Let me be the first to offer my condolences to Brad Mills. Now I'm sure Mills doesn't think he needs my condolences. After all, he just achieved his dream, which is becoming the manager of a major league baseball team.
But that team is the Houston Astros.
Mills, who accepted the job today, was actually the second choice of Astros management. But as in all things except Carlos Lee, Drayton McLane was too cheap to pay, and Manny Acta, the team's first choice, turned them down to take the manager's job with the Cleveland Indians.
The reporting is that Acta wanted a three-year deal, but the Astros were only willing to offer a two-year job, so Acta told Drayton to shove it and went to Cleveland.
Of course, it could also be that Acta -- who we were told had a great knowledge of the Astros personnel -- figured that he would have better luck managing a club with some talent on its roster than he would with the Astros.
Mills has never managed in the majors before, but he managed for 11 years in the minors, and for the past six years, he's been the bench coach for Terry Francona and the Boston Red Sox. And if he hasn't realized it yet (I'm sure that he soon will), the Astros are nowhere near the Boston Red Sox.
And that's why I want to offer up my condolences. Because Mills is used to dealing with people like Francona and Boston GM Theo Epstein. But in Houston, he's got to deal with the likes of Ed Wade and Drayton McLane.
Epstein is known as one of those general managers who believes in stats and is known for making trades that actually better his club. Epstein would have never signed Kaz Matsui to a multi-year, multi-million dollar contract. And when Manny Ramirez became too much of a distraction for the Red Sox, Epstein pulled off a trade that landed Jason Bay.
The Astros, meanwhile, are a team of slackers who, Michael Bourn and Hunter Pence aside, aren't much known for hustle. Epstein would have never let his bosses trade for the likes of Miguel Tejada, and along with never signing Matsui, it's doubtful that Epstein would have let his bosses sign Carlos Lee. Because while Boston has a Carlos Lee type hitter in David Ortiz, the Red Sox, unlike the Astros with Lee, never have to play Ortiz in the field.

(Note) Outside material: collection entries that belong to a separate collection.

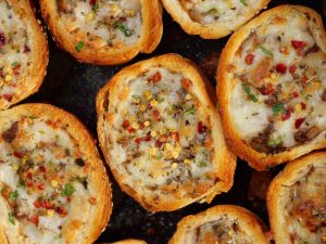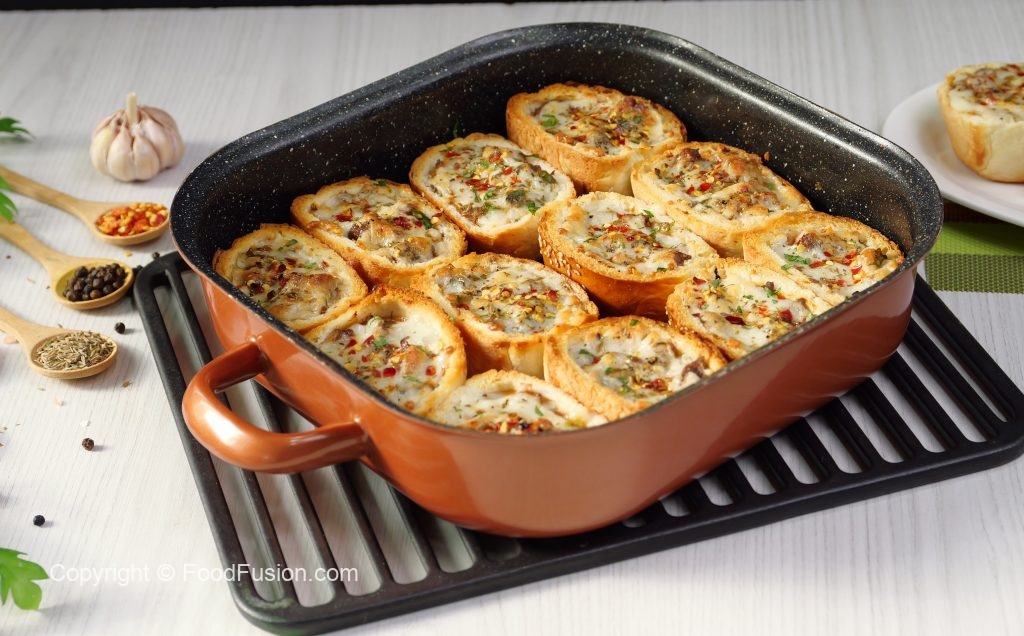 -Add cheese slice,beef filling,cheddar cheese,dried oregano & red chilli crushed (makes 12-14).
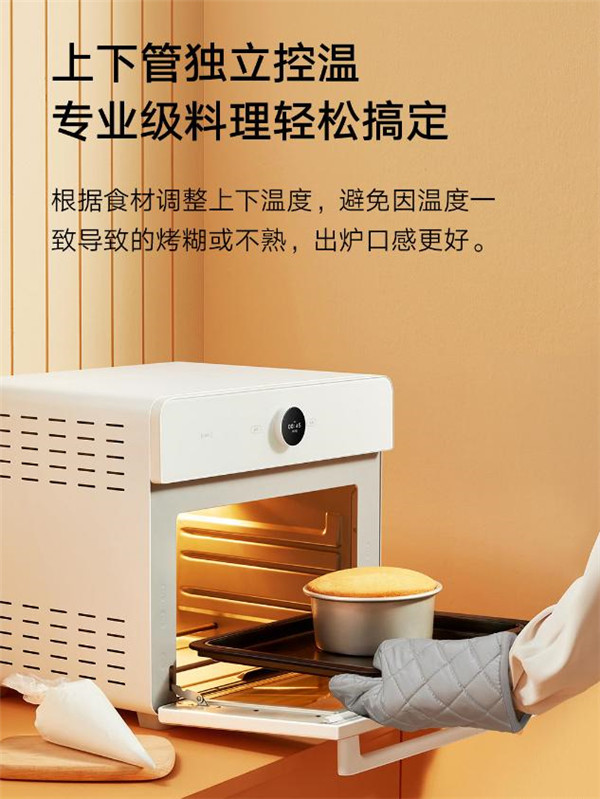 米家智能空气炸烤箱 30L 上下烤管独立温控,可根据食材调整上下温度,避免温度单一导致的烤糊或不熟。同时,米家智能空气炸烤箱 30L 拥有发酵、解冻、保温、干果等功能,可一机多用。
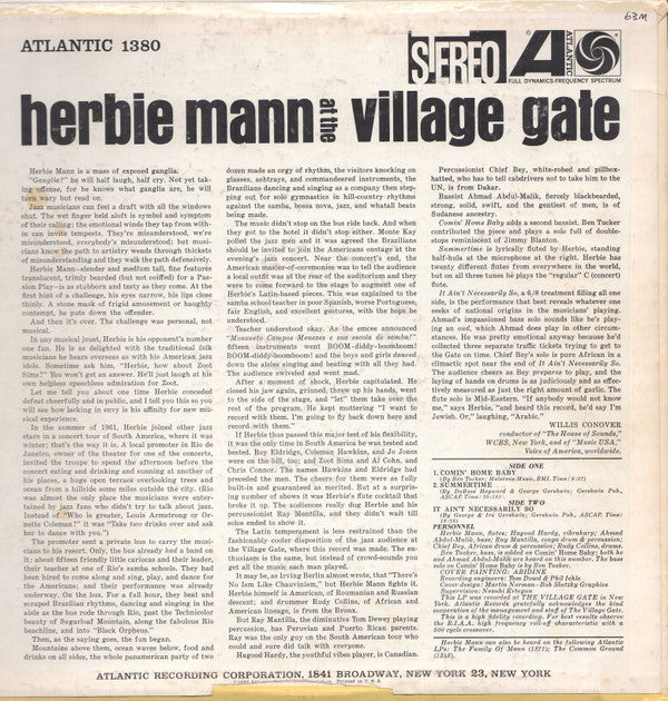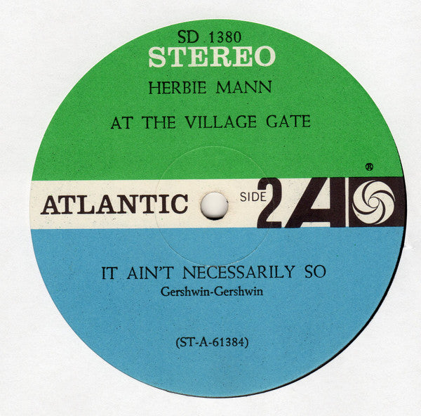 This is for the MGM Record Manufacturing pressing as derived from the Block-shaped "S" stamp in the matrix of both sides. The "12" and "5" matrix number stampings appear close to the labels above the initial etching string. The labels are blue/green with an unboxed Atlantic Logo. 1380 catalog number appears on the front, back and spine of cover, SD 1380 appears on labels.
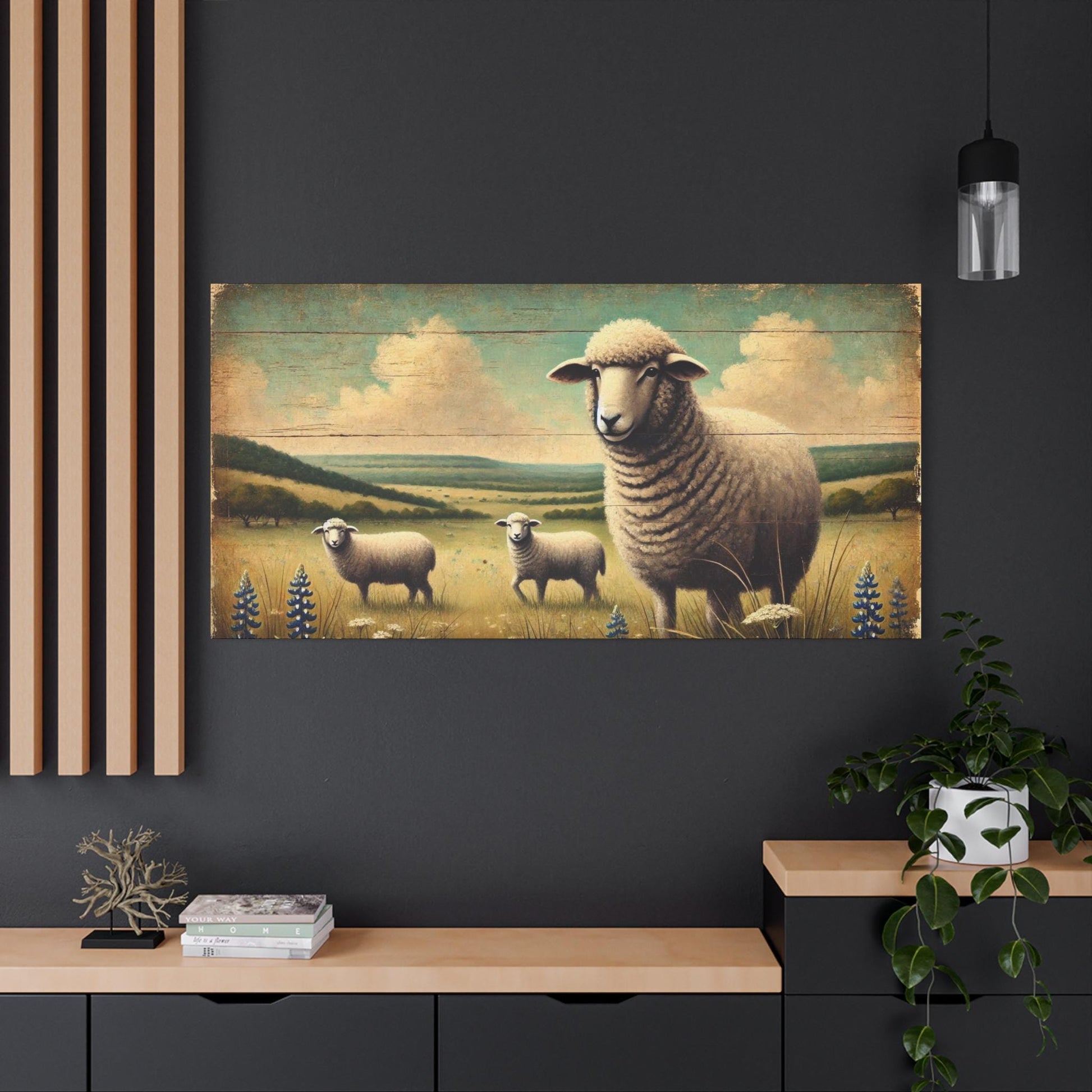 Experience the rugged and picturesque vibes of the Texas Hill Country with this original, high-quality sheep art print on stretched matte canvas with a depth of 1.25". Available in 7 sizes, this canvas is perfect for art enthusiasts looking to bring a touch of nature into their homes. Ideal for nature lovers, home decorators, and those celebrating country themes or cowboy landscapes.
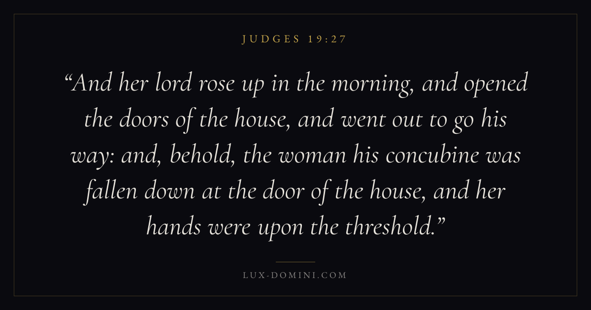And her lord rose up in the morning, and opened the doors of the house, and went out to go his way: and, behold, the woman his concubine was fallen down at the door of the house, and her hands were upon the threshold.
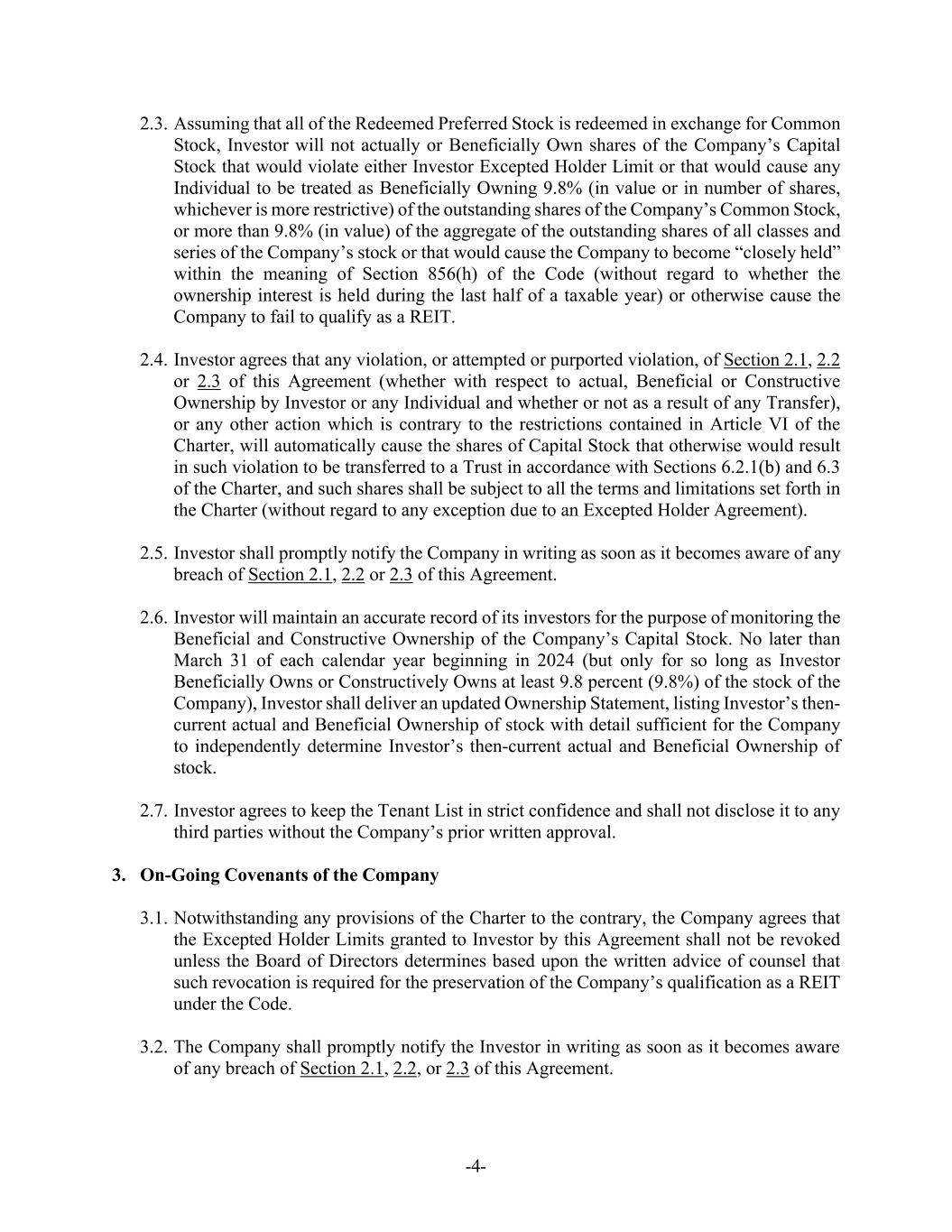 -4- 2.3. Assuming that all of the Redeemed Preferred Stock is redeemed in exchange for Common Stock, Investor will not actually or Beneficially Own shares of the Company’s Capital Stock that would violate either Investor Excepted Holder Limit or that would cause any Individual to be treated as Beneficially Owning 9.8% (in value or in number of shares, whichever is more restrictive) of the outstanding shares of the Company’s Common Stock, or more than 9.8% (in value) of the aggregate of the outstanding shares of all classes and series of the Company’s stock or that would cause the Company to become “closely held” within the meaning of Section 856(h) of the Code (without regard to whether the ownership interest is held during the last half of a taxable year) or otherwise cause the Company to fail to qualify as a REIT. 2.4. Investor agrees that any violation, or attempted or purported violation, of Section 2.1, 2.2 or 2.3 of this Agreement (whether with respect to actual, Beneficial or Constructive Ownership by Investor or any Individual and whether or not as a result of any Transfer), or any other action which is contrary to the restrictions contained in Article VI of the Charter, will automatically cause the shares of Capital Stock that otherwise would result in such violation to be transferred to a Trust in accordance with Sections 6.2.1(b) and 6.3 of the Charter, and such shares shall be subject to all the terms and limitations set forth in the Charter (without regard to any exception due to an Excepted Holder Agreement). 2.5. Investor shall promptly notify the Company in writing as soon as it becomes aware of any breach of Section 2.1, 2.2 or 2.3 of this Agreement. 2.6. Investor will maintain an accurate record of its investors for the purpose of monitoring the Beneficial and Constructive Ownership of the Company’s Capital Stock. No later than March 31 of each calendar year beginning in 2024 (but only for so long as Investor Beneficially Owns or Constructively Owns at least 9.8 percent (9.8%) of the stock of the Company), Investor shall deliver an updated Ownership Statement, listing Investor’s then- current actual and Beneficial Ownership of stock with detail sufficient for the Company to independently determine Investor’s then-current actual and Beneficial Ownership of stock. 2.7. Investor agrees to keep the Tenant List in strict confidence and shall not disclose it to any third parties without the Company’s prior written approval. 3. On-Going Covenants of the Company 3.1. Notwithstanding any provisions of the Charter to the contrary, the Company agrees that the Excepted Holder Limits granted to Investor by this Agreement shall not be revoked unless the Board of Directors determines based upon the written advice of counsel that such revocation is required for the preservation of the Company’s qualification as a REIT under the Code. 3.2. The Company shall promptly notify the Investor in writing as soon as it becomes aware of any breach of Section 2.1, 2.2, or 2.3 of this Agreement.

Mills might think that Ramirez was a distraction with Boston, but wait until he has to deal with a left fielder who misses days in spring training because he is attending a rodeo. And every now and then, Ramirez would actually make an effort in left field, whereas the only time Lee ever shows effort is when it comes to getting to the post-game buffet.
And when Ramirez became too troublesome, he was traded. When Miguel Tejada got into jam after jam with the government, the Astros made him a team leader.
So Brad Mills, the Red Sox this is not. The Astros are not a very talented team. The farm system is pretty empty. And the owner, though not understanding baseball, likes to interfere with the baseball people and make important decisions.
Of course, a plus for Mills is that this is not the Red Sox. He's not going to have to deal with that annoying Red Sox Nation crap. he's not going to have to worry about his every move being questioned constantly on ESPN. And the fans have proven, by their embrace of the likes of Lee and Tejada, that they don't really care about a winning team.
Mills might be lucky. The fans are more concerned with choo-choo trains than they are with winning. The owner doesn't understand the game. And as Jose de Jesus Ortiz writes, Mills is a pal with Ed Wade and Tal Smith, so maybe he will have a bit more protection than Larry Dierker, Phil Garner, etc. had.
But then again, this is the Astros. A team which has quickly become one of the worst in baseball.
So I offer up my condolences to Mills. He's got his wish. He's a big league manager. And I wish him the best of luck.
With this club, he's going to need it.